I have tried a new tack over the last couple of days with C - engage him in conversation about books whilst we're both happy. We've talked about old favourites, new obsessions (he's currently working through Harry Potter) and the book I'm currently reading for work (Donalynn Miller's Reading in the Wild. Funnily enough, as I was reading a section this evening, whilst feeding the baby, I happened upon a passage about reading forging and strengthening relationships.  This spoke so clearly to me tonight.  I think, during a testing time, it's so tempting to focus on what has gone wrong, without giving time to what goes right.  Reading gives both C and I a feeling of serenity, and a non-controversial subject to talk about when other topics seem contentious.

Monday, 25 August 2014

Creative Family Home by Ashlyn Gibson

I really want to hate this book.  It's full of smugger than smug families, with wonderfully romantic sounding jobs and huge loft apartments.  "It's just... gah!  I mean, all the names are so trying to be so horribly trendy!", I said to A as I was explaining why I kept tutting and sighing at the book.  I mean, one of them has the same name as my Nan, which all of my cousins and I spent much of the 80s and 90s laughing at secretly.  Karma struck when I turned to a page describing a family of four boys, two of whom had virtually the same names as my boys (different spellings, but essentially the same names). I had to admit that maybe the book was aimed at people like me. Except that, though I liked the party hats that the Dutch lady makes her kids wear for dinner every night ("to spread the celebratory joy of a party throughout the year" gushes the book), I wouldn't pay six quid each for them.  Also, can't you just imagine the kids rolling their eyes as they don the hats once again to tuck into their Wednesday night quinoa? It's all a tiny bit bleak and try-hard.

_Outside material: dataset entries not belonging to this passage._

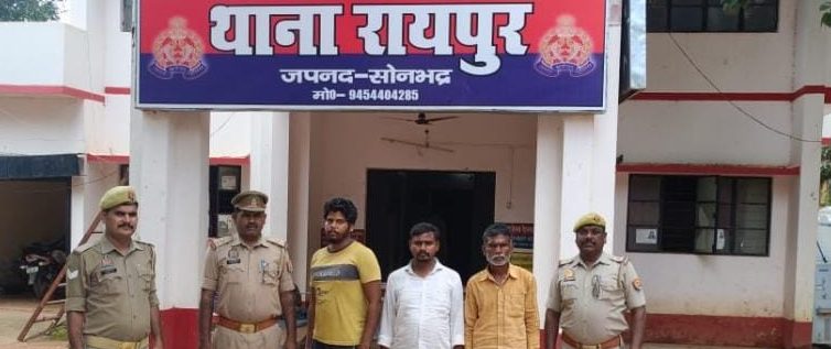 पुलिस अधीक्षक सोनभद्र अशोक कुमार मीणा द्वारा जनपद में वांछित अभियुक्तों की गिरफ्तारी हेतु चलाये जा रहे अभियान के क्रम में, अपर पुलिस अधीक्षक त्रिभुवन नाथ त्रिपाठी के निर्देशन में एवं क्षेत्राधिकारी सदर रणधीर कुमार मिश्रा के निकट पर्यवेक्षण मे थाना रायपुर पुलिस द्वारा थाना स्थानीय पर मु0अ0सं0 106/2025 धारा 3(1) उ0प्र0 गैंगस्टर अधि0 से सम्बन्धित अभियुक्तगण, शेरशाह पुत्र कमरुद्दीन अन्सारी निवासी कम्हारडीह थाना रॉबर्ट्सगंज जनपद सोनभद्र, विपिन यादव उर्फ मुलायम सिंह यादव पुत्र लल्लन यादव निवासी ग्राम सेमरिया थाना रायपुर जनपद सोनभद्र को मु0अ0सं0-108/2025 धारा 3(1) गैंगेस्टर एक्ट से सम्बन्धित अभियुक्त, पन्नालाल उर्फ बबलू पुत्र हरिदास पासवान निवासी ग्राम आमडीह थाना रायपुर जनपद सोनभद्र को गिरफ्तार कर आवश्यक विधिक कार्यवाही कर न्यायालय भेजा गया।
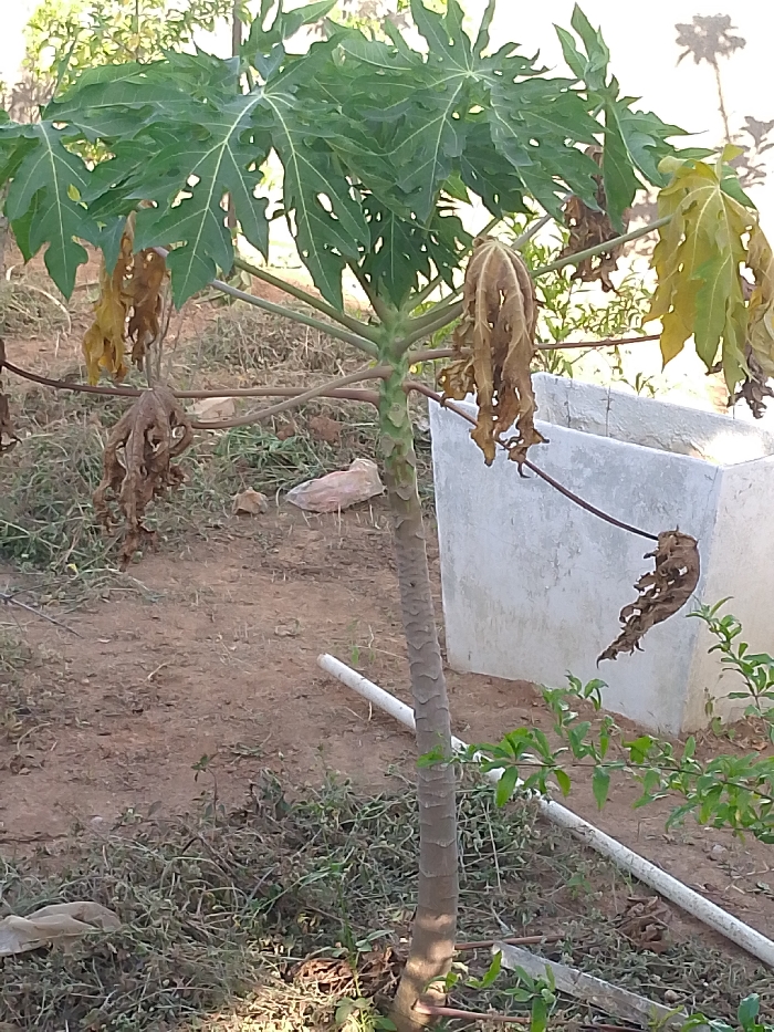 This image captures an outdoor scene in Kwang, Nigeria, centered on a papaya tree (Carica papaya). The tree features a slender, light brown trunk with a canopy of green, palmate leaves at its upper section, some showing minor tears. Numerous lower leaves are brown, withered, and shriveled, hanging downwards. The ground is composed of reddish-brown soil, partially covered with dry grass and scattered small rocks. To the right of the tree, a light grey, open-topped, rectangular concrete structure is visible. Two white PVC pipes lie horizontally on the ground in the foreground, one partially obscured by small green plants. A light-colored piece of discarded material rests on the ground in the left mid-ground. The area is illuminated by natural daylight. No people or animals are present.
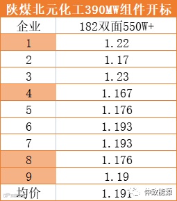 同日,陕西北元化工390.1MW组件集采开标,组件型号为182双面组件,企业报价范围为1.167~1.23元/瓦,均价为1.191元/瓦。
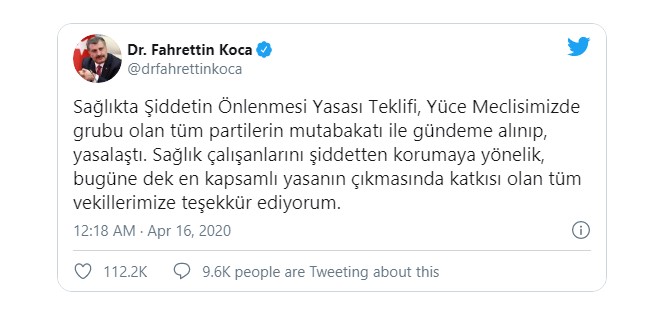 Sağlık Bakanı Fahrettin Koca, TBMM’de söz konusu kanun teklifinin kabul edilmesinin ardından Twitter üzerinden milletvekillerine teşekkür etti.
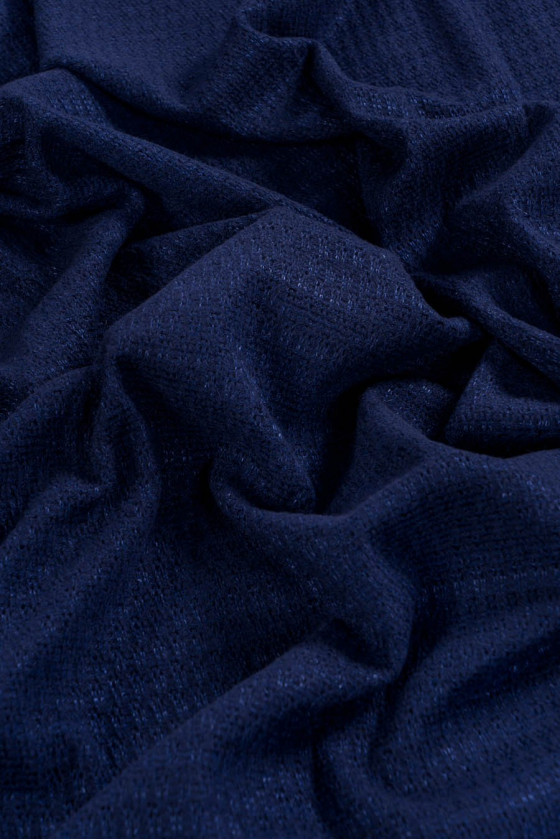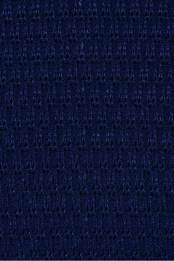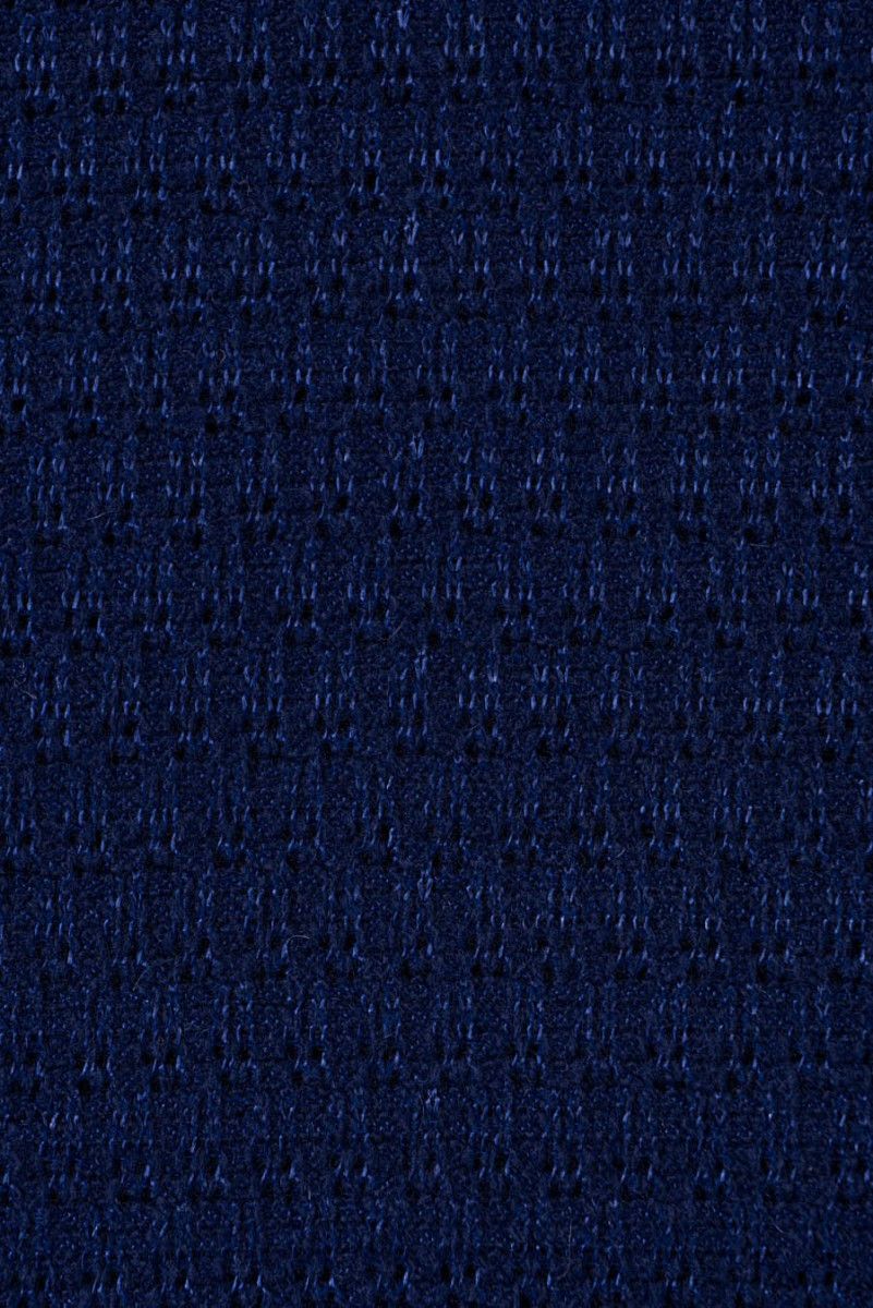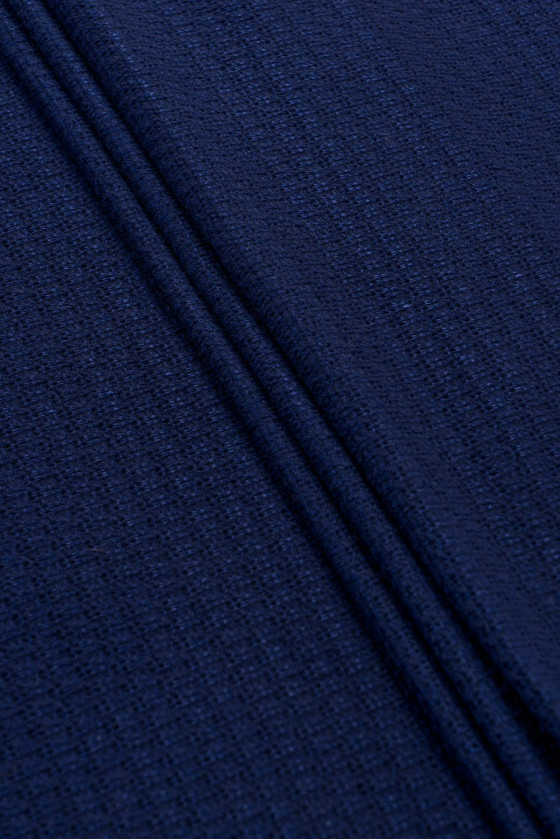 Tamsiai tamsiai mėlynas megztinis megztas audinys su laisvu ažūriniu pynimu, labai kaliojo. Audinys sudarytas iš vilnos ir akrilo siūlų. Rekomenduojame siūti megztinius, megztinius, šalikus.

I think what annoyed me the most is that the message of the book is trying to be "everyone can be this trendy and creative!".  However, although lots of the homes are decorated with kids drawings and stuff picked up in a flea markets for a few centimes back in the 80s, these are "interspersed with design classics". For this, read "I've put a selection of enamel plates I bought in the charity shop on an achingly trendy sideboard which was custom-built for the space and cost me £15,000." I mean, anything would look good on that dresser.  And yes, you let your child paint onto a canvas and put it on the wall.  But you put it on the wall surrounded by bespoke oil paintings custom-made for your apartment by your friend who sells prints for 2 grand a pop.

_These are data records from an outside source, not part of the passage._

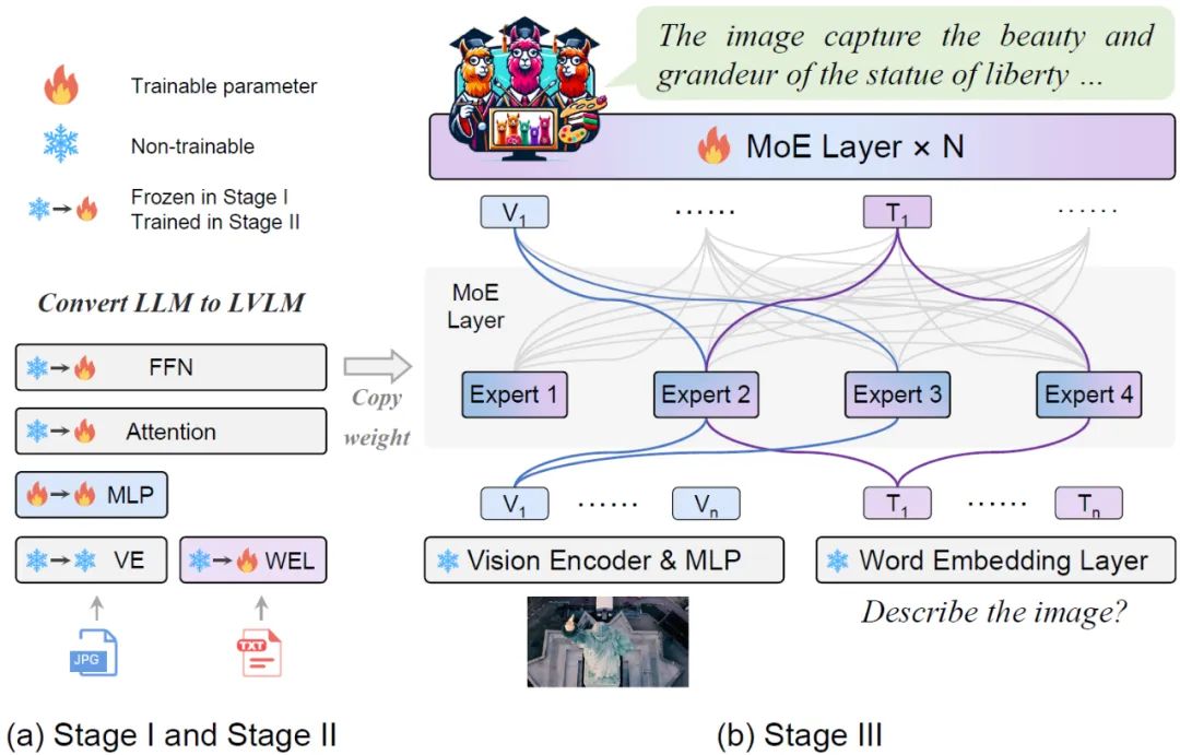 阶段 1:如图 2 所示,阶段 1 的目标是让视觉 token 适应到 LLM,赋予 LLM 看懂图片的实体有哪些的能力。MoE-LLaVA 采用一个 MLP 来将图片 token 投影到 LLM 的输入域,这意味着一个个图片小 patch 被 LLM 当作伪文本 token。在这个阶段,LLM 被训练学会描述图片,理解更高层次的图片语义。在这个阶段 MoE 层不会被应用到 LVLM 中。
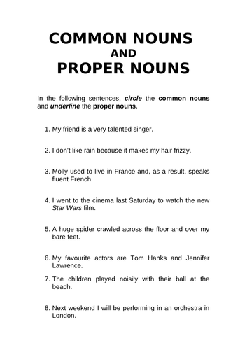 Proper noun and common noun worksheet
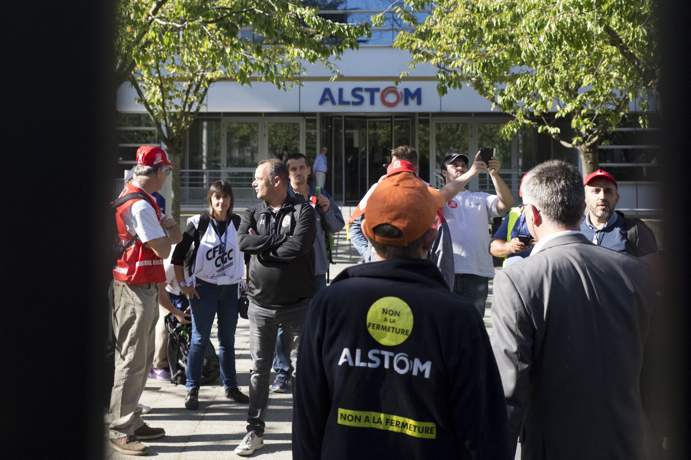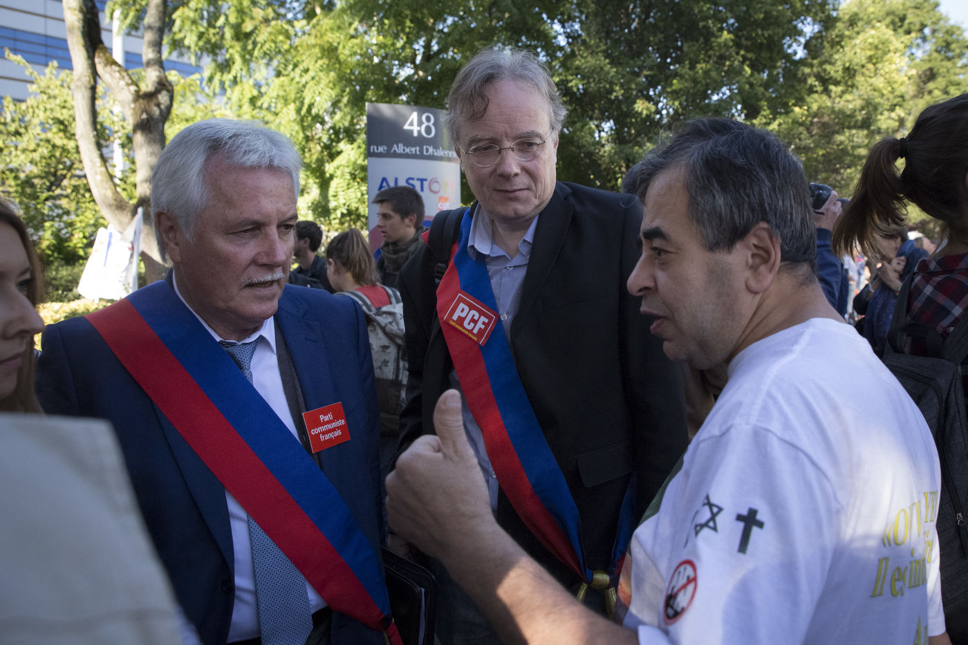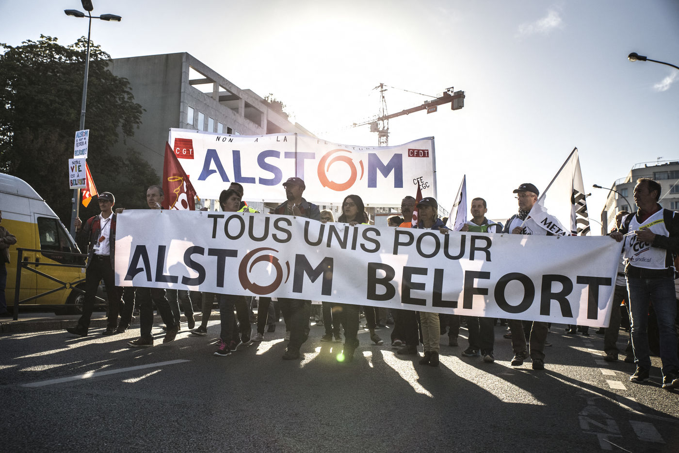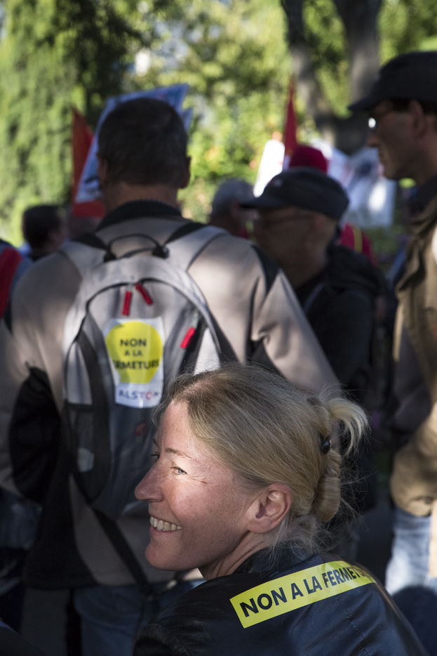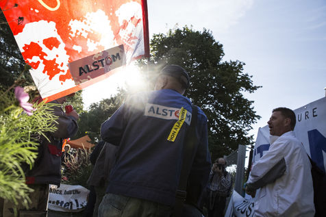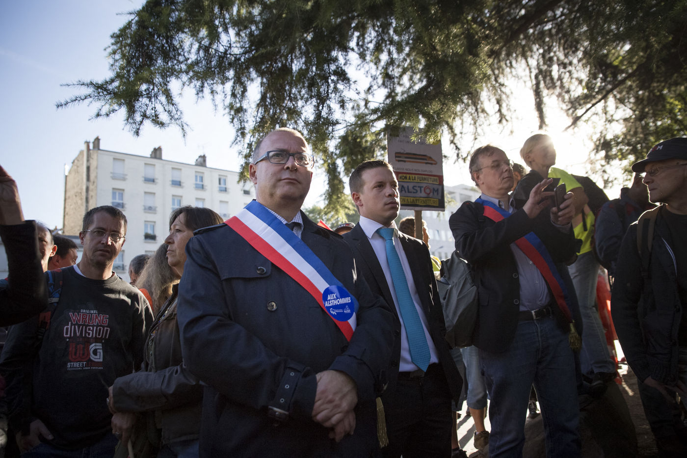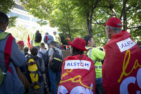 Saint Ouen, France, September 27, 2016. Rally against layoffs in front of Alstom headquarters. Employees demonstrate after the announcement of the closure of the historical site of Belfort.

This was followed close behind by phrases like "Jurgen's high-tops left artfully in the hallway provide a utilitarian reminder of the necessity of wearing shoes for a busy family".  No, Jurgen has left his shoes under a stool in the hallway.  That's not a design statement; that's shoe removal. This is the book for you if you have a spare £500 to spend on cushions that look like pebbles (why yes, I am bitter because I couldn't afford them), and you make lifestyle statements out of things like taking off your hat and hanging it up on a (£67, bespoke) peg.

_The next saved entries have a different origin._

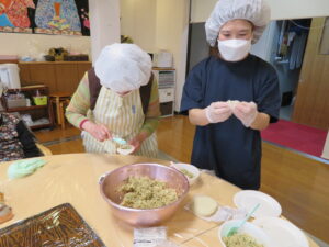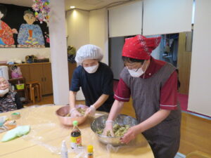本日の料理は「手作り餃子作り」です。2班に分かれ行いました🎵
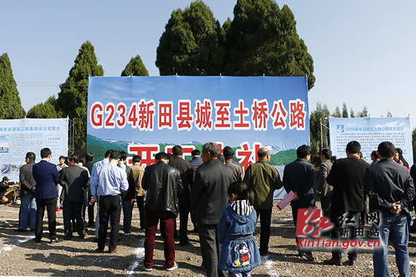 新田县人大常委会副主任毛群联宣布项目开工建设,副县长李勖川在开工典礼上对项目建设业主单位、项目建设指挥部、交通部门、施工单位、监理单位等提出具体工作要求,希望通过各方共同努力将该项目建成安全优质的示范工程、样板工程、富民工程。县政协副主席何三明主持开工典礼,相关乡镇、村代表分别就如何配合项目建设作表态发言。
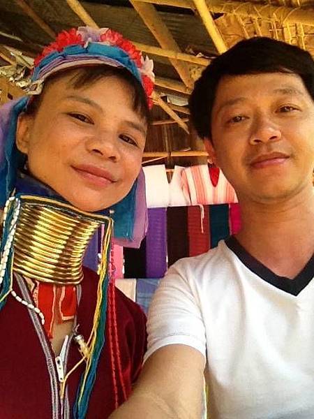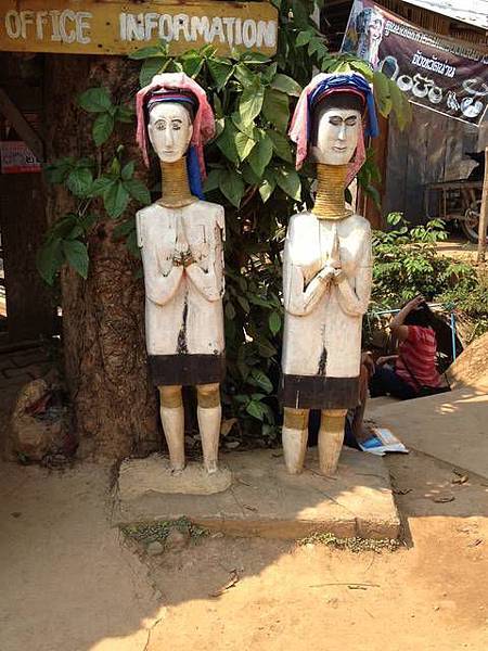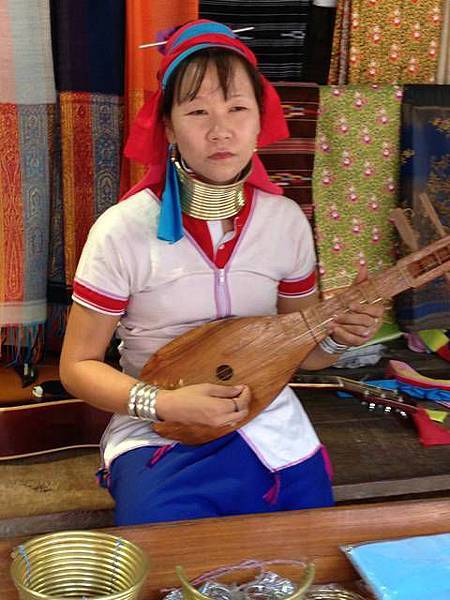 據說,長頸族原本住在緬甸,因為緬甸軍政府於 1988年成立,對他們迫害,使他們逃離至泰國至今。因為他們的難民身份所以他們不准在泰國工作,所以只能以自製手工藝品、茶葉、傳統衣服及包包,以及門票,來維持生活所需。我都會詢問可以照相嗎,以示尊重,她們其實都不會拒絕,就是準備好會要照相就是,當然,買些東西是小錢,就買一買回饋一下她們讓我拍照。她們告訴我說,她們五歲就會要戴那個銅圈,但其實現在沒有強迫,若女孩不願意戴,可以不用戴了,所以會看到一些跑來跑去的小女生並沒有戴銅圈。問說會不會痛?她們說倒是不會,就五歲剛剛開始戴時,會痛一點,之後就不會了。

That said, I did actually get a lot out of this book, other than feelings of rage, envy and a slight sense of hopelessness.  There are some really nice ideas that anyone can use and that make any space look instantly better.  For example our Shelf of Stuff I Don't Want to Get Rid of but Don't Know Quite What to Do With looks a million times better now that things are grouped according to colour and size, in easy-on-the-eye groups of three or five, and the clashing photo frames are arranged in a fetching group.  This has made me feel better about the distinct lack of pebble cushions for my trendily-named children to muck around with, "providing a whimsical note of the great outdoors in this loft-apartment in one of the trendiest districts of Barcelona".  Mine can play with actual pebbles in their garden. AND I don't make them wear party hats to eat their scrambled egg on toast.  Take that Jurgen and Marta.